# Data for this task:

⟨

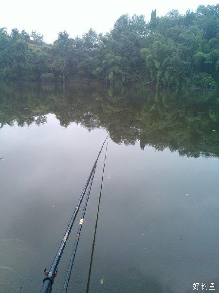 当下午,独自驱车启程,路上车辆很多,还好不太堵,三个小时就回到了老家——自贡。盐都自贡,恐龙、井盐和灯会被称为自贡“大三绝”;龚扇、扎染和剪纸,被称为自贡“小三绝”,素以“千年盐都”、“恐龙之乡”、“南国灯城”、“江姐故里”等美誉而蜚声中外。 自贡的美食更不用说了,俗话说“吃在四川,味在自贡”。对于我们渔友来说,自贡有200多个大小不一的水库,实属野钓的天堂。 10月2日凌晨5点,和峰哥出发了。一路披星戴月,直奔目的地—木桥沟水库。 木桥沟水库位于自贡和宜宾交界处,属于两地共管的饮用水源,库里水产丰富,鲫、鲤、草、鲢鱼,红尾、翘壳都有。 钓鱼不收费,但不能夜钓,不能钓鲢鱼。水库的面积很大,但水面不宽,呈沟状,纵横交错,是一个让渔友又爱又恨的地方。 很多渔友钓两、三天,依然空手而归。对于这种水库,钓位非常关键,打窝、养窝至关重要。 经过40分钟的车程,我们来到了美丽的木桥沟。月亮依然挂在树梢,天空微微泛白,平静的水面倒影着远处的山峦,组成了一幅绝美的山水画卷。 背着行头来到我的老钓位,钓位四周杂草丛生,显然已经很久没人在这钓过鱼了。清除杂草、安装钓具,架竿、调漂,再把“陈药师”的窝料撒上三把,一切就绪,这时,天色渐渐亮了起来。 今天的天气非常不错,鱼口应该很好,满怀希望静静地等待着,但现实往往是残酷的,整整一个上午,漂没动过一下,中午时,又补了点窝料,继续等。不远处,峰哥那边,也是一样没动静。 虽然鱼没开口,但四周风景如画,独享着那份宁静,心情也是十分惬意。 下午4点,终于开口了,一条二两多的红尾上钩了,迟来的爱!
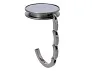 Metal bag hanger with gunmetal finish and shiny plate. With magnetic closure. Delivered in black paper box.
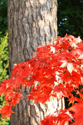 Eine zentrale Rasenfläche war für die sportbegeisterte Familie wichtig. Die Möglichkeit zum Footballspielen sollte gegeben sein. Eine Reihe Chinesischer Wildbirnen wurde daher entlang der Nordgrenze so positioniert, dass die Stämme als Torstangen dienen können. Die Herbstfärbung dieser Bäume ist leuchtend orange und fügt sich gut ein.
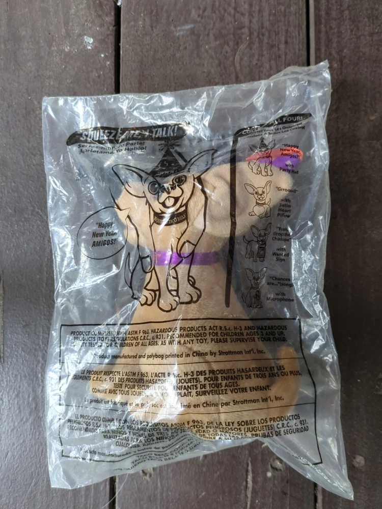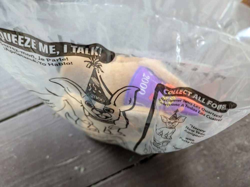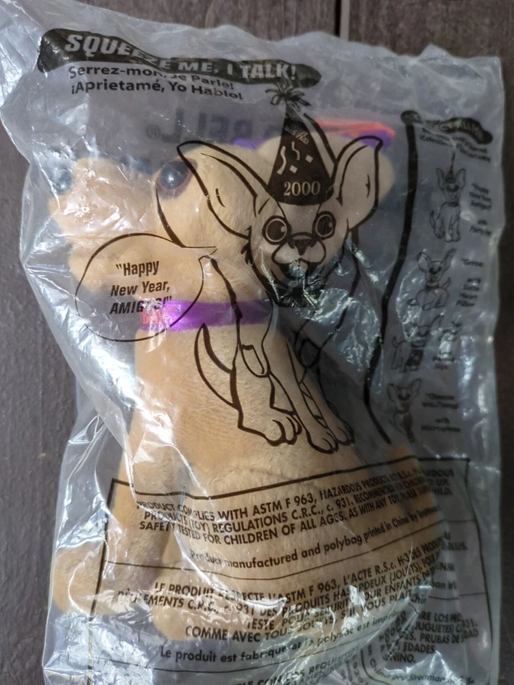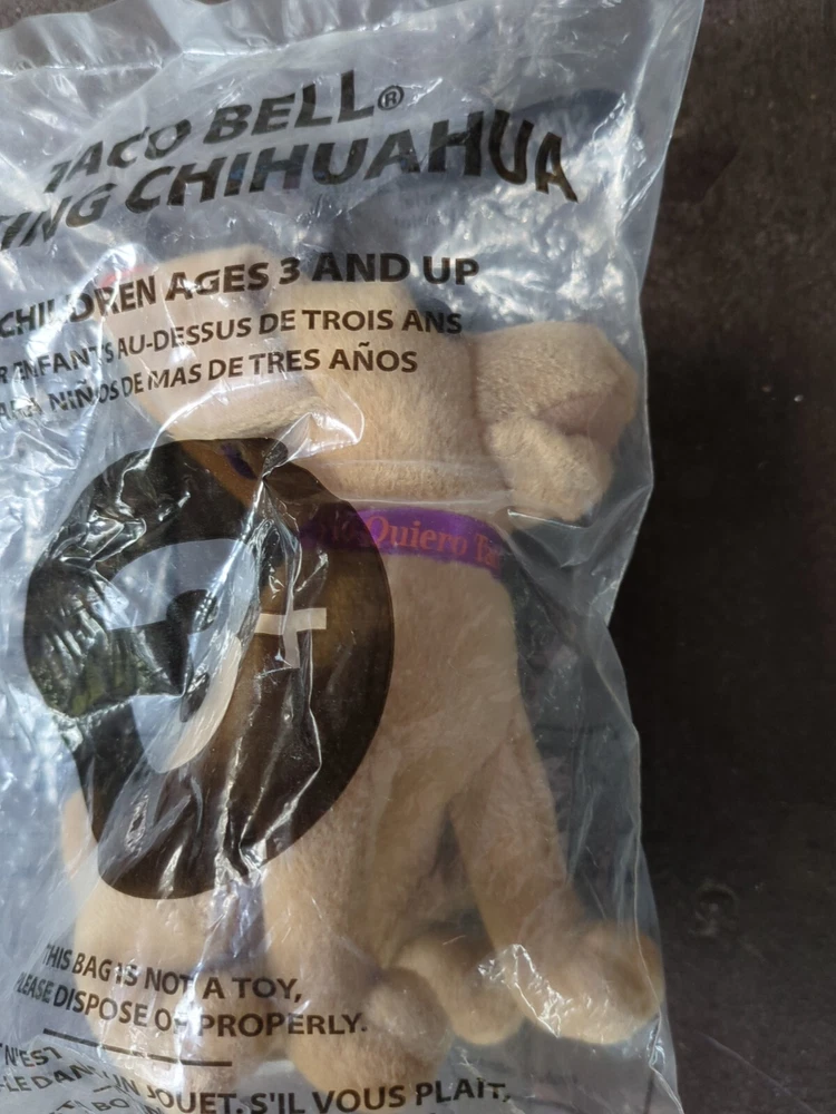 This is a Taco Bell New Years Y2K 2000 Chihuahua plush toy still in its original packaging. The plush toy features the iconic Taco Bell Chihuahua character and is a collectible item related to fast food advertising. The brown plush toy represents the theme of restaurants and fast food, making it a unique and nostalgic piece for fans of Taco Bell memorabilia.
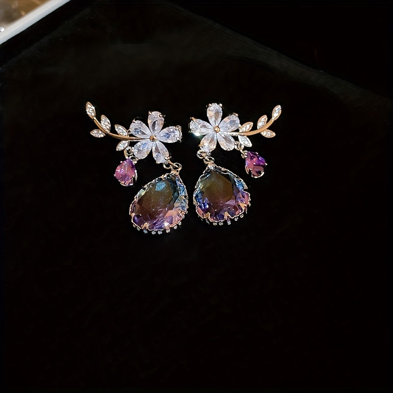 Flower & Teardrop Shape Drop Dangle Earrings Elegant Jewelry Gift For Women - Purple is backordered and will ship as soon as it is back in stock.
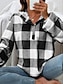 Suéter Feminino com Zíper de 1/4 Gráfico Geométrico Casual Manga Longa Decote Redondo Tops Regulares Street Wear Diário Impressão Meia Preto Amarelo Rosa Vermelho Roxo Outono Inverno
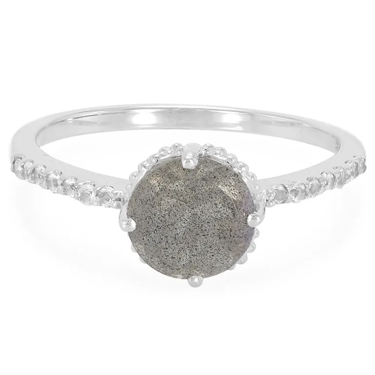 Rumänischer Spektrolith & Weißer Topas Silberring, 1,39ct
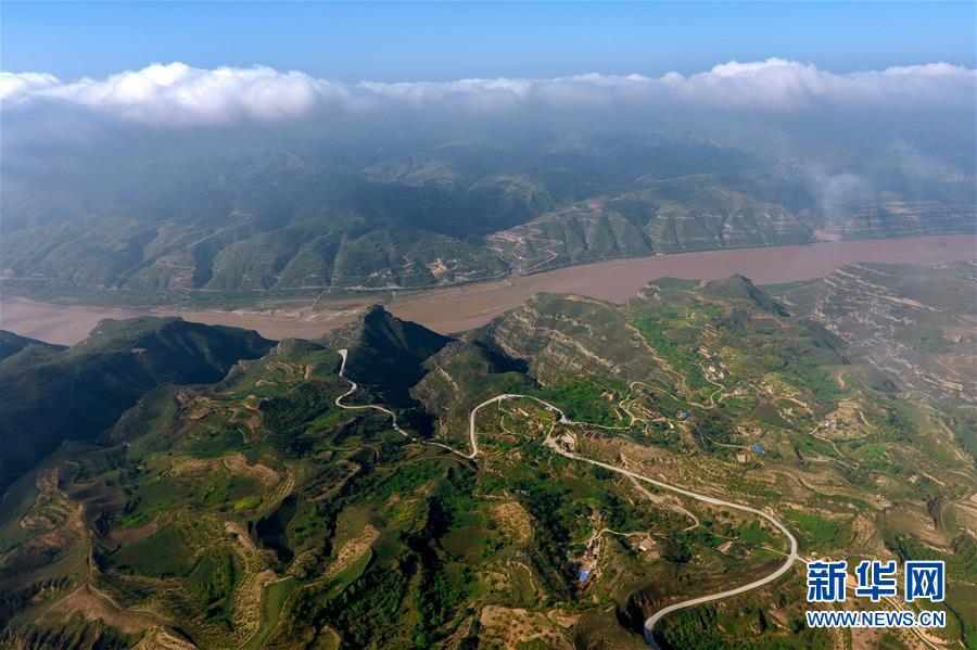 這是2017年9月6日無人機(jī)拍攝的山西省永和縣黃河乾坤灣。
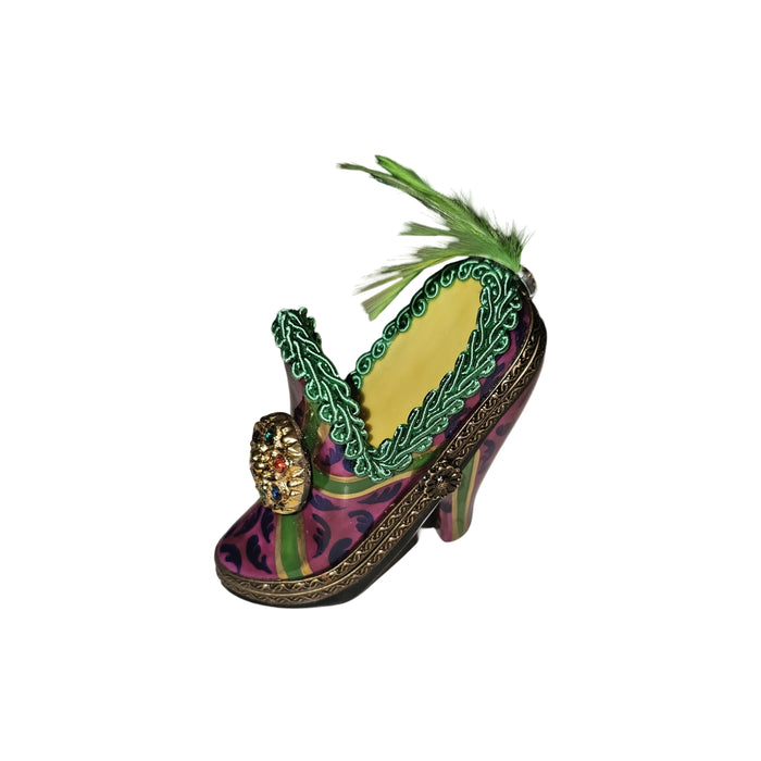 Step into a realm of sophistication with the Pink Elegance Shoe Box, a captivating Limoges box that embodies elegance and charm, making it the perfect decorative accent for any fashion lover. This exquisite piece is not just a box; it's a statement of style and whimsy.
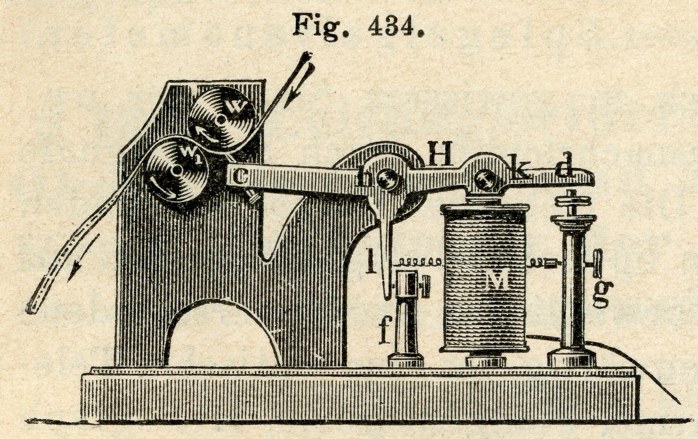 Zeichengeber Morsetaste und Zeichenempfänger Schreiber. Quelle: K. Sumpf 1910.

⟩

# Brief:
Could every entry be restated word for word, pictures excluded?

# Reply to the task:
 当下午,独自驱车启程,路上车辆很多,还好不太堵,三个小时就回到了老家——自贡。盐都自贡,恐龙、井盐和灯会被称为自贡“大三绝”;龚扇、扎染和剪纸,被称为自贡“小三绝”,素以“千年盐都”、“恐龙之乡”、“南国灯城”、“江姐故里”等美誉而蜚声中外。 自贡的美食更不用说了,俗话说“吃在四川,味在自贡”。对于我们渔友来说,自贡有200多个大小不一的水库,实属野钓的天堂。 10月2日凌晨5点,和峰哥出发了。一路披星戴月,直奔目的地—木桥沟水库。 木桥沟水库位于自贡和宜宾交界处,属于两地共管的饮用水源,库里水产丰富,鲫、鲤、草、鲢鱼,红尾、翘壳都有。 钓鱼不收费,但不能夜钓,不能钓鲢鱼。水库的面积很大,但水面不宽,呈沟状,纵横交错,是一个让渔友又爱又恨的地方。 很多渔友钓两、三天,依然空手而归。对于这种水库,钓位非常关键,打窝、养窝至关重要。 经过40分钟的车程,我们来到了美丽的木桥沟。月亮依然挂在树梢,天空微微泛白,平静的水面倒影着远处的山峦,组成了一幅绝美的山水画卷。 背着行头来到我的老钓位,钓位四周杂草丛生,显然已经很久没人在这钓过鱼了。清除杂草、安装钓具,架竿、调漂,再把“陈药师”的窝料撒上三把,一切就绪,这时,天色渐渐亮了起来。 今天的天气非常不错,鱼口应该很好,满怀希望静静地等待着,但现实往往是残酷的,整整一个上午,漂没动过一下,中午时,又补了点窝料,继续等。不远处,峰哥那边,也是一样没动静。 虽然鱼没开口,但四周风景如画,独享着那份宁静,心情也是十分惬意。 下午4点,终于开口了,一条二两多的红尾上钩了,迟来的爱!
 Metal bag hanger with gunmetal finish and shiny plate. With magnetic closure. Delivered in black paper box.
 Eine zentrale Rasenfläche war für die sportbegeisterte Familie wichtig. Die Möglichkeit zum Footballspielen sollte gegeben sein. Eine Reihe Chinesischer Wildbirnen wurde daher entlang der Nordgrenze so positioniert, dass die Stämme als Torstangen dienen können. Die Herbstfärbung dieser Bäume ist leuchtend orange und fügt sich gut ein.
 This is a Taco Bell New Years Y2K 2000 Chihuahua plush toy still in its original packaging. The plush toy features the iconic Taco Bell Chihuahua character and is a collectible item related to fast food advertising. The brown plush toy represents the theme of restaurants and fast food, making it a unique and nostalgic piece for fans of Taco Bell memorabilia.
 Flower & Teardrop Shape Drop Dangle Earrings Elegant Jewelry Gift For Women - Purple is backordered and will ship as soon as it is back in stock.
 Suéter Feminino com Zíper de 1/4 Gráfico Geométrico Casual Manga Longa Decote Redondo Tops Regulares Street Wear Diário Impressão Meia Preto Amarelo Rosa Vermelho Roxo Outono Inverno
 Rumänischer Spektrolith & Weißer Topas Silberring, 1,39ct
 這是2017年9月6日無人機(jī)拍攝的山西省永和縣黃河乾坤灣。
 Step into a realm of sophistication with the Pink Elegance Shoe Box, a captivating Limoges box that embodies elegance and charm, making it the perfect decorative accent for any fashion lover. This exquisite piece is not just a box; it's a statement of style and whimsy.
 Zeichengeber Morsetaste und Zeichenempfänger Schreiber. Quelle: K. Sumpf 1910.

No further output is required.